» WHAT YOU NEED TO DO:
Print, word for word, only the lines from the one with "Ear cuffs feature" down to the last line of the listing below; no pictures.

» SUPPLIED MATERIAL:
##############################
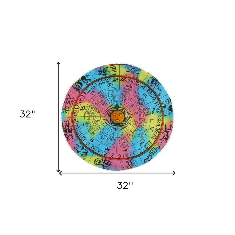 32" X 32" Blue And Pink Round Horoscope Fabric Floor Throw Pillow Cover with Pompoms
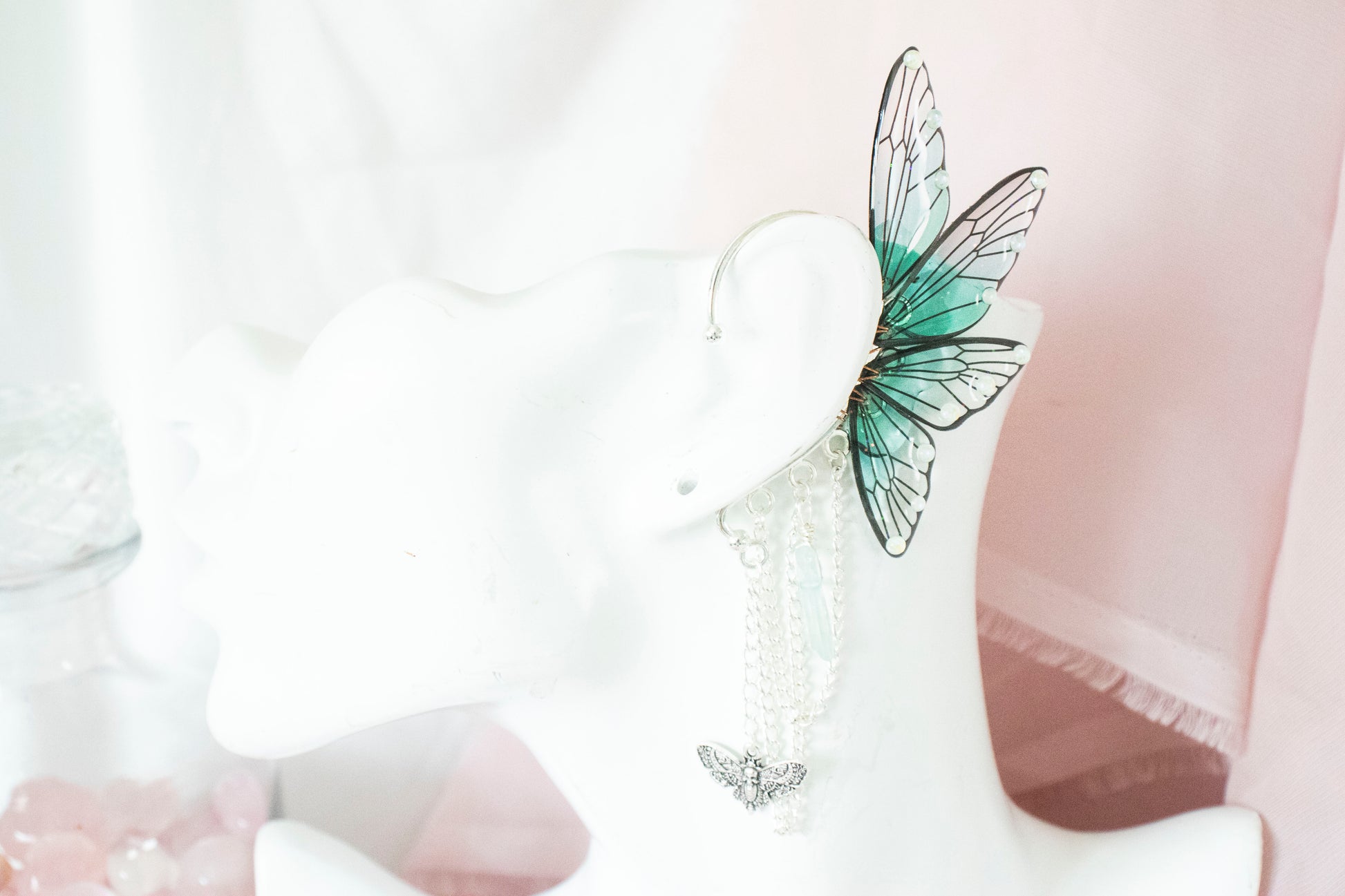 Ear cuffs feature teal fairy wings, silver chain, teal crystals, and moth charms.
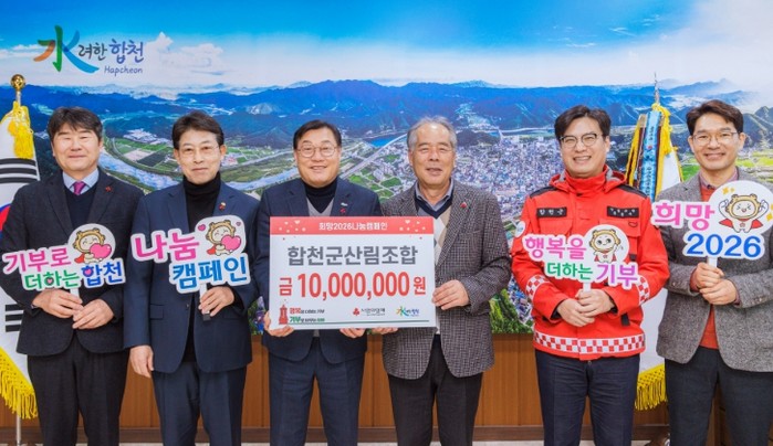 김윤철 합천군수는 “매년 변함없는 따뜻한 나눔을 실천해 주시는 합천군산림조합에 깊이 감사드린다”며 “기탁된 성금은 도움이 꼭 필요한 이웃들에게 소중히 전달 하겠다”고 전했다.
##############################
» TASK RESPONSE:
 Ear cuffs feature teal fairy wings, silver chain, teal crystals, and moth charms.
 김윤철 합천군수는 “매년 변함없는 따뜻한 나눔을 실천해 주시는 합천군산림조합에 깊이 감사드린다”며 “기탁된 성금은 도움이 꼭 필요한 이웃들에게 소중히 전달 하겠다”고 전했다.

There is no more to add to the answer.